Для наших целей именно зрительная стимуляция наилучшим образом отождествляется с моделью хроматического возбуждения глаза. Глубоко входить в рассмотрение мозга субъекта, даже если бы это и было возможно, нет никакого смысла, поскольку мы стремимся держаться подальше от его идиосинкратических нервных окончаний или от личной истории формирования его привычек. Нас интересует его социально обусловленное употребление языка, следовательно, его реакции на условия обычно подлежат социальной оценке (ср. § 1.2). Зрительное возбуждение в известной степени интерсубъективно проверяемо со стороны общества и лингвиста путем принятия допущений относительно ориентации субъекта и соотносящегося с ним местоположения объектов.

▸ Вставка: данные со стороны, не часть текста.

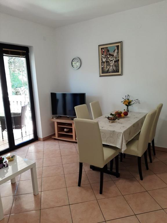 Apartamenty są w pełni wyposażone, zlokalizowane w spokojnej części Malinskiej. Obiekt położony jest 50 m od centrum i 10 minut spacerkiem do plaży. Każdy apartament posiada własny taras, parking i osobne wejście.
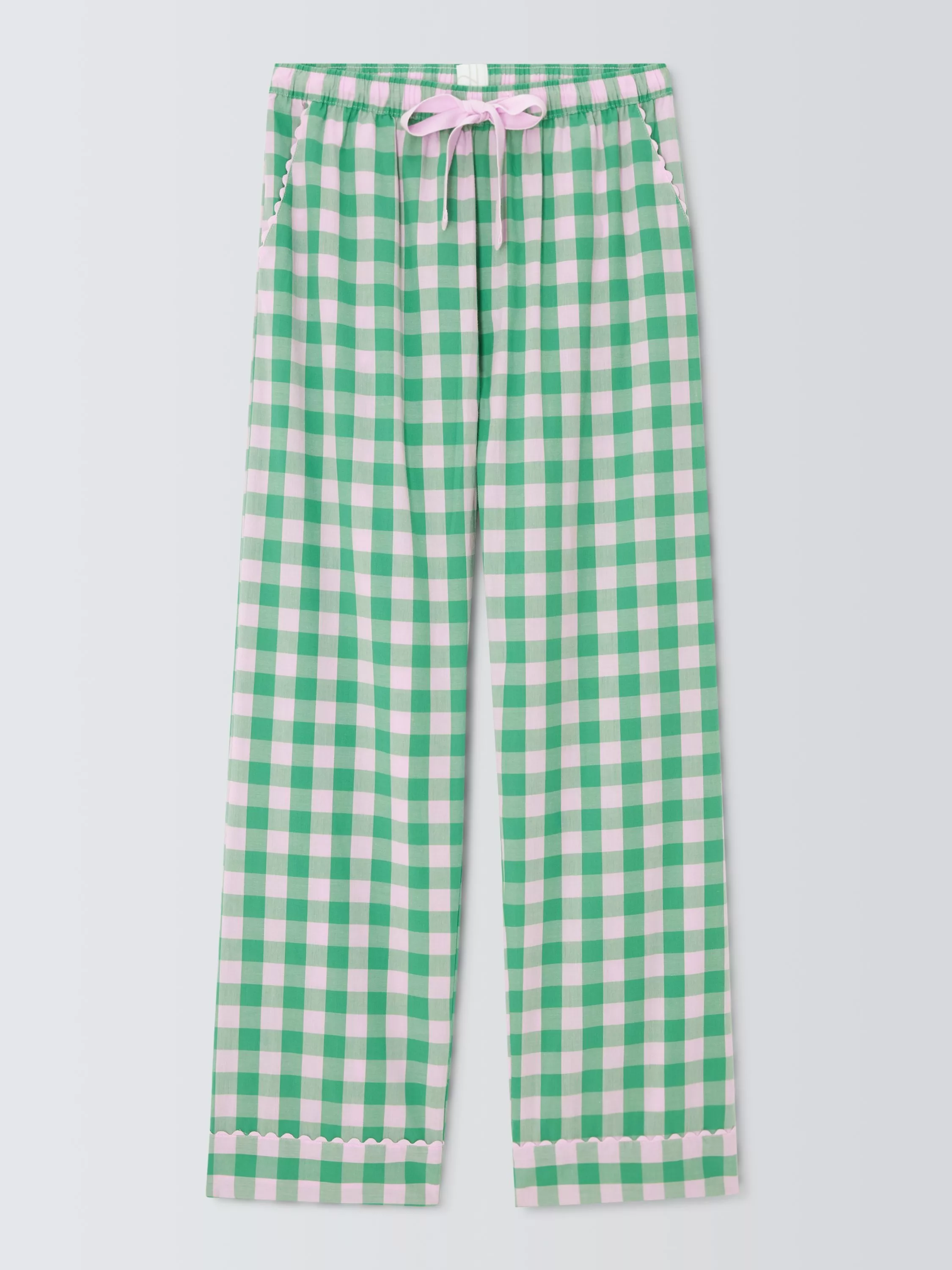 Ric rac trims throughout give a new twist to these classic gingham pyjama bottoms with an elasticated waistband and side pockets.
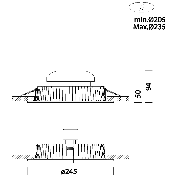 Con temperatura superficiale limitata "D" secondo EN 60598-2-24:
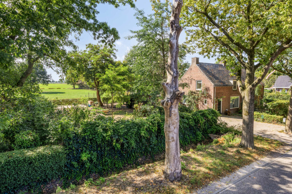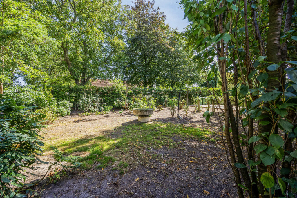 De tuin rondom biedt veel rust en privacy (vrije ligging voor- en achterzijde) en is ingericht met o.a. veel vaste beplanting, bestrating en een vijver. Opvallend is het fraaie uitzicht over de landerijen. De voortuin is eveneens ingericht met veel vast groen en biedt plaats aan een ruime oprit met plaats voor meerdere auto’s.
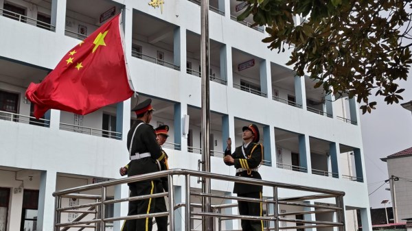 伴随着雄壮的国歌声,五星红旗冉冉升起,全体师生肃立致敬,开学典礼正式拉开帷幕。
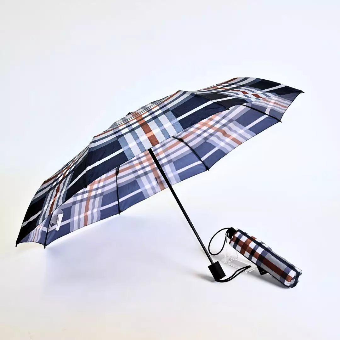 Tämä tyylikäs Lasessor-sateenvarjo on täydellinen asuste sateiseen päivään. Siinä on klassinen ja ryhdikäs laivastonsininen (navy) ruutukuosi, jossa on valkoisia ja ruskeita korostuksia.

Рассматривая зрительные стимуляции в качестве моделей возбуждения, мы снабдили их такой точностью деталей, которые лингвист оказался бы не в состоянии проверить. Но это не страшно. Лингвист может разумно доказать, что абориген был бы побужден согласиться с предложением «Гавагай» в силу тех же микроскопических возбуждений, что побудили бы его самого, лингвиста, согласиться с предложением «Кролик», даже если это доказательство опирается исключительно на примеры, относительно которых соответствующие возбуждения могут в лучшем случае рисковать оказаться всего лишь очень похожими.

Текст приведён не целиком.